Automate debug-level logging in Machine agent usin...

Roland_UN

The AppDynamics Machine Agent supports remediation scripts, which allow you to define automated or manual actions in response to specific alerts or conditions. These scripts can be triggered when a predefined health rule violation occurs, enabling proactive responses to issues in your environment. Below is an overview of how remediation scripts work in the Machine Agent and how to configure and use them:

What Are Remediation Scripts?

Remediation scripts are custom scripts (written in languages like Shell, Python, Batch, or PowerShell) that are executed by the Machine Agent when triggered by Health rule violations

These scripts can perform various actions, such as restarting services, freeing up memory, or notifying teams.

Use Cases for Remediation Scripts include:

1. Restarting Services or Applications:

• Automatically restart a failed service (e.g., web server or database).

2. Clearing Logs or Temporary Files:

• Free up disk space by removing unnecessary files.

3. Scaling Infrastructure:

• Trigger an API call to scale up/down infrastructure (e.g., AWS, Kubernetes).

4. Sending Custom Notifications:

• Send notifications to external systems like Slack, PagerDuty, or email.

5. Custom Troubleshooting Steps:

• Collect diagnostics like thread dumps, heap dumps, or system logs.

Step-by-step guide

The steps to configure a remediation script are documented here → https://docs.appdynamics.com/appd/24.x/25.4/en/splunk-appdynamics-essentials/alert-and-respond/actio....

Practical example:

Use case: enable debug-level or trace-level logs on HR violation for troubleshooting purposes.

Setting the health rule.

Docs:https://docs.appdynamics.com/appd/24.x/25.4/en/splunk-appdynamics-essentials/alert-and-respond/confi...

1. Select HR type

Remediation actions are not available for servers.
You can create and run a remediation action for a health rule with application, tier, or node as an affected entity. Ensure that you select the same entities when you define the Object Scope for the associated policy.

2. Affects Nodes

3. Select specific Nodes.

4. Select one or multiple nodes

5. Add conditions for the HR

6. Select a single metric or Metrics expression (here we select Single Metric value (cpu|%Busy))

2. Setting the action

Docs: https://docs.appdynamics.com/appd/24.x/25.4/en/splunk-appdynamics-essentials/alert-and-respond/actio...

1. Set the action name.

2. The path to the trace.sh file

3. The path to log files

4. Script timeout in minutes set to 5

5. Set email for approval (if required) and Save.

3. Setting the policies to trigger the action

Docs: https://docs.appdynamics.com/appd/24.x/25.4/en/splunk-appdynamics-essentials/alert-and-respond/polic...

1. Policy name

2. Enabled

3. Select HR violation event.

4. Select specific Health Rules.

5. Selected the configured Health Rules.

6. Select specific objects.

7. From Tiers and Nodes.

8. Select Nodes.

9. Specific nodes.

10 Selected one or multiple nodes.

11. Add the action to be executed.

On the agent's side.

Create the trace.sh script and place it in the /local-scripts/ directory

#!/bin/bash

# Define the target file

TARGET_FILE="matest/conf/logging/log4j.xml"

# Backup the original file

cp "$TARGET_FILE" "${TARGET_FILE}.backup"

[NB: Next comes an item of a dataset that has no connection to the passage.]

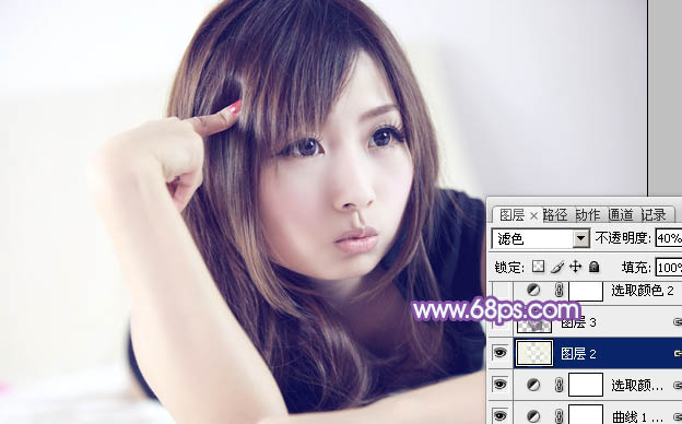 5、按Ctrl + Alt + 2 调出高光选区,新建一个图层填充淡黄色:#F2F3E5,混合模式改为“滤色”,不透明度改为:40%,效果如下图。这一步增加图片亮度。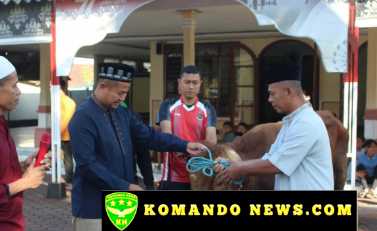 Kegiatan dilanjutkan dengan penyerahan secara simbolis hewan qurban oleh Danyonarhanud 2 Kostrad Letkol Arh Farauk Saputra, S.Sos., MMDS. kepada Letda Arh Zulfikar selaku panitia qurban.

# Function to update the logging level

update_logging_level() {

local level=$1

echo "Updating logging level to '$level'..."

# Use sed to change all loggers with level="info" to the desired level

sed -i "s/level=\"info\"/level=\"$level\"/g" "$TARGET_FILE"

if [ $? -eq 0 ]; then

echo "Logging level successfully updated to '$level'."

else

echo "Failed to update logging level."

exit 1

fi

}

# Set the logging level to 'trace'

update_logging_level "trace"

# Wait for 10 minutes (600 seconds)

echo "Waiting for 10 minutes..."

sleep 600

# Revert the logging level back to 'info'

update_logging_level "info"

echo "Logging level reverted to 'info'."

When the action is triggered, the script will change the log level from info to debug and revert the change after 10 minutes.

Prerequisites for Local Script Actions

The Machine Agent must be installed running on the host on which the script executes. To see a list of installed Machine Agents for your application, click View machines with machine-agent installed in the bottom left corner of the remediation script configuration window.
To be able to run remediation scripts, the Machine Agent must be connected to a SaaS Controller via SSL. Remediation script execution is disabled if the Machine Agent connects to a SaaS Controller on an unsecured (non-SSL) HTTP connection.
The Machine Agent and the APM agent must be on the same host.
The Machine Agent OS user must have full permissions to the script file and the log files generated by the script and/or its associated child processes.
The script must be placed in <agent install directory>\local-scripts.
The script must be available on the host on which it executes.
Processes spawned from the scripts must be daemon processes.